--- Prompt ---
Wherever an image appears in the entries, drop it and reproduce everything else exactly.

'''

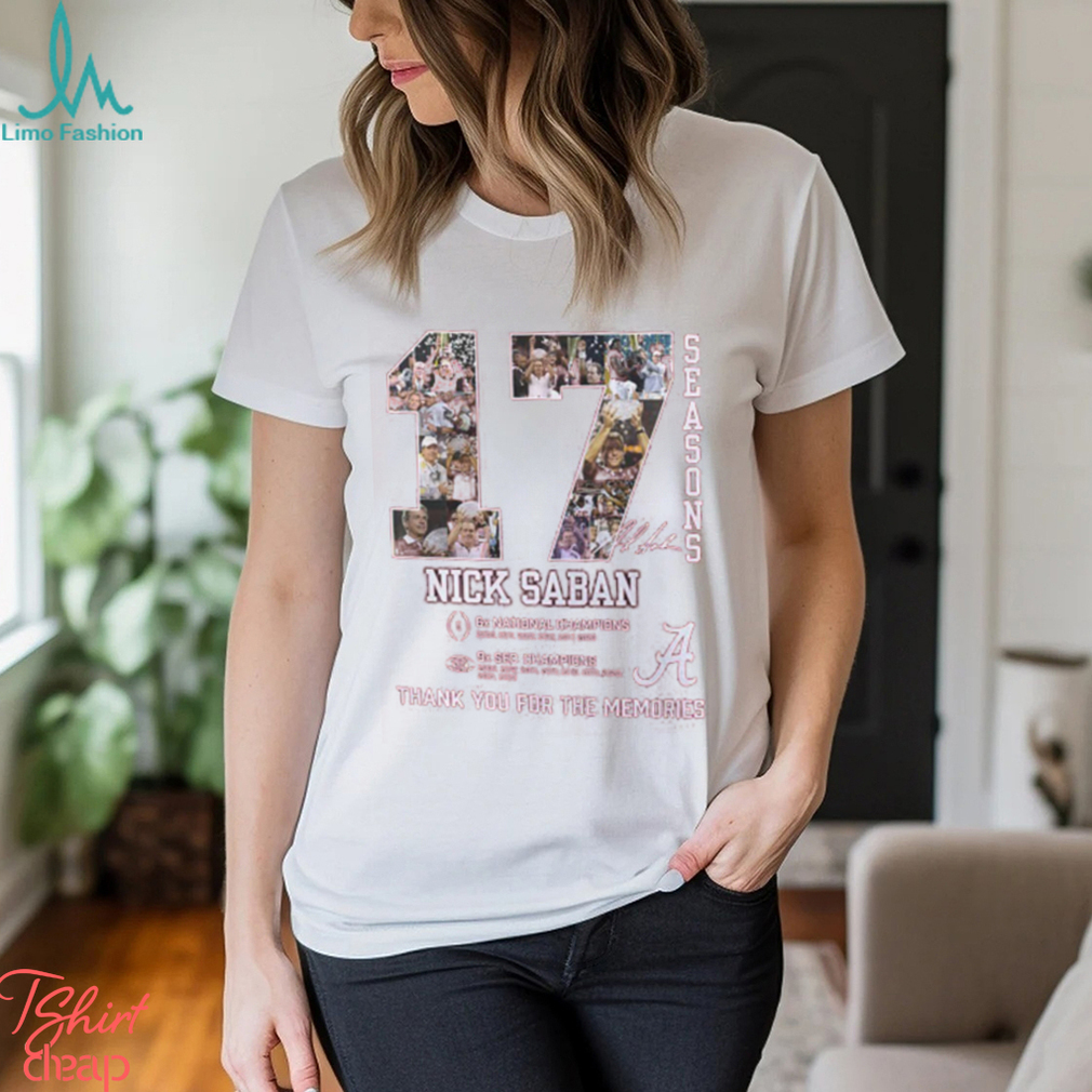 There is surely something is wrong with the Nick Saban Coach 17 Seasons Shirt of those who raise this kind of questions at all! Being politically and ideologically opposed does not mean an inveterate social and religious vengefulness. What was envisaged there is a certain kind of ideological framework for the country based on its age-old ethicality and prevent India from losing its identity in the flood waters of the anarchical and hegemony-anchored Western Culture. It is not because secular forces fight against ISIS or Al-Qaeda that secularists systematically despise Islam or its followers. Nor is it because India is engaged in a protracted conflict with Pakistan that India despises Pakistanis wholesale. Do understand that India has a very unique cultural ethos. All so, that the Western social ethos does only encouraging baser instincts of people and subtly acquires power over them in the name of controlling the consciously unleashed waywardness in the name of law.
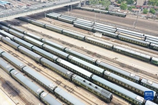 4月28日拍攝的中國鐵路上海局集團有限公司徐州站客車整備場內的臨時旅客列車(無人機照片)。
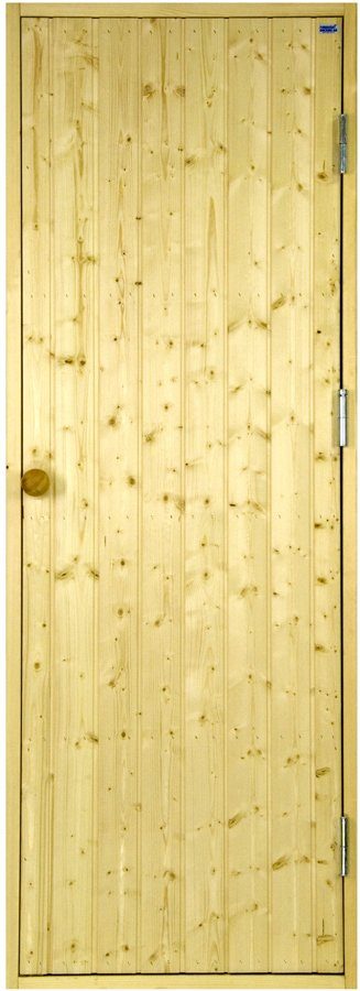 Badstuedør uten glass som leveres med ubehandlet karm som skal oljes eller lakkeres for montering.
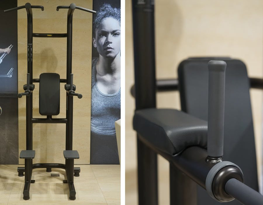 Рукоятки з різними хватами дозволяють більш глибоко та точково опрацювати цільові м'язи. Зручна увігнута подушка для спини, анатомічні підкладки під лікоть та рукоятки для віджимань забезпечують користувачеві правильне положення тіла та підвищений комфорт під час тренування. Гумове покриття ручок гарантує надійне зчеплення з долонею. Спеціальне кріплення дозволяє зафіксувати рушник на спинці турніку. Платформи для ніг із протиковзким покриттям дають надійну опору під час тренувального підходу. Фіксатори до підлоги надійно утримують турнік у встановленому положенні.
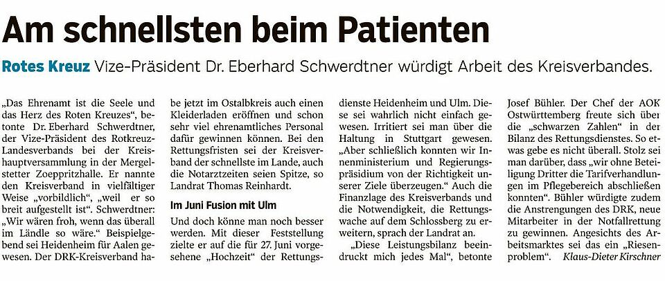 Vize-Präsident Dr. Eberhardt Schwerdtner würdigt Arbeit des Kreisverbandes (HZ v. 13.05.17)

'''

--- Exercise answer ---
 There is surely something is wrong with the Nick Saban Coach 17 Seasons Shirt of those who raise this kind of questions at all! Being politically and ideologically opposed does not mean an inveterate social and religious vengefulness. What was envisaged there is a certain kind of ideological framework for the country based on its age-old ethicality and prevent India from losing its identity in the flood waters of the anarchical and hegemony-anchored Western Culture. It is not because secular forces fight against ISIS or Al-Qaeda that secularists systematically despise Islam or its followers. Nor is it because India is engaged in a protracted conflict with Pakistan that India despises Pakistanis wholesale. Do understand that India has a very unique cultural ethos. All so, that the Western social ethos does only encouraging baser instincts of people and subtly acquires power over them in the name of controlling the consciously unleashed waywardness in the name of law.
 4月28日拍攝的中國鐵路上海局集團有限公司徐州站客車整備場內的臨時旅客列車(無人機照片)。
 Badstuedør uten glass som leveres med ubehandlet karm som skal oljes eller lakkeres for montering.
 Рукоятки з різними хватами дозволяють більш глибоко та точково опрацювати цільові м'язи. Зручна увігнута подушка для спини, анатомічні підкладки під лікоть та рукоятки для віджимань забезпечують користувачеві правильне положення тіла та підвищений комфорт під час тренування. Гумове покриття ручок гарантує надійне зчеплення з долонею. Спеціальне кріплення дозволяє зафіксувати рушник на спинці турніку. Платформи для ніг із протиковзким покриттям дають надійну опору під час тренувального підходу. Фіксатори до підлоги надійно утримують турнік у встановленому положенні.
 Vize-Präsident Dr. Eberhardt Schwerdtner würdigt Arbeit des Kreisverbandes (HZ v. 13.05.17)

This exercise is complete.